Karl Fischer (geb. 23. September 1918 in Wien; gest. 17. März 1963 ebenda) war ein österreichischer trotzkistischer Politiker und Widerstandskämpfer, der fast 13 Jahre in der Haft dreier totalitärer Systeme verbrachte.

Leben

Karl war der Sohn der Seidenwinderin und Widerstandskämpferin Maria Fischer. Sie nannte ihren Sohn „Kegel“, die Bezeichnung für ein uneheliches Kind, ein Name den Fischer später als Decknamen im Untergrund verwendete.[1]

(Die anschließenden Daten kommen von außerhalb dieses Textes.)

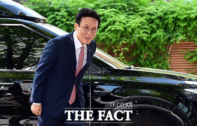 [더팩트ㅣ임영무 기자] 김민석 국무총리 후보자가 5일 오전 서울 종로구 통의동 금융감독원 연수원에 마련된 인사청문회 준비단 사무실로 출근해 인사를 하고 있다.darkroom@tf.co.kr사진영상기획부 photo@tf.co.kr

Fischer schloss sich 1934 dem Kommunistischen Jugendverband (KJV) in Wien an. Mitte 1935 spaltete er sich mit Georg Scheuer und anderen mit einer trotzkistischen Jugendorganisation, den Revolutionären Kommunisten Österreichs (RKÖ), ab, die mit stalinistischen Gruppen konkurrierte.[2] Fischer opponierte nicht nur gegen den Austrofaschismus und den Nationalsozialismus, sondern auch gegen den stalinistischen Terror in der Sowjetunion.[3] 1936 verhaftet, wurde Fischer im August 1937 im Wiener „Trotzkistenprozess“ zu fünf Jahren schwerem Kerker verurteilt, mit der Februaramnestie 1938 aber vorzeitig freigelassen. Bei der von Kanzler Kurt Schuschnigg für März 1938 angekündigten Volksabstimmung votierten die Revolutionären Kommunisten um Karl Fischer gegen einen „Anschluss“ an NS-Deutschland und riefen zum Generalstreik auf.[2]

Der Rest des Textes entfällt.